Frequently Asked Questions
In what number of venues is this experiment currently taking place?
"Currently, 12 sites are administering this trial. These locations span from Nashville to Austin and include several other cities in between. For your convenience, you should select the closest location to avoid extensive travel if you decide to partake."
Are there any vacancies open to join this clinical experiment?
"Correct. The clinicaltrials.gov website indicates that this medical study, which was initially published on October 29th 2020, is actively recruiting participants. A total of 145 patients need to be recruited from 12 different sites."
What is the participant capacity of this trial?
"In order to begin the trial, 145 eligible participants need to be enrolled. PMV Pharmaceuticals is managing this research through multiple sites such as Sarah Cannon and HCA Research Institute in Nashville, Tennessee and Memorial Sloan Kettering in New york City."
What is the ultimate purpose of this investigative project?
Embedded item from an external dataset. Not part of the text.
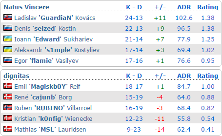 下半场Na‘Vi赢下手枪局,但是dignitas成功埋下C4,第三局购买了AK后也攻下了关键的一分,之后的比赛Na’Vi也无心恋战只守了一分,dignitas以16-6的比分轻松取得第一场比赛的胜利。

"This medical trial has a duration of 48 months, over the course of which two primary outcomes will be assessed: (1) document and classify any adverse effects caused by PC14586; and (2) measure the response rate to evaluate efficacy using RECIST v. 1.1 criteria. Additionally, secondary objectives include gauging changes in quality of life through validated instruments for participants 18 years or older, measuring progression free survival/overall survival rates with RECIST v. 1.1 standards, and assessing preliminary clinical activity / efficacy utilising ORR metrics as well as other response rate assessments."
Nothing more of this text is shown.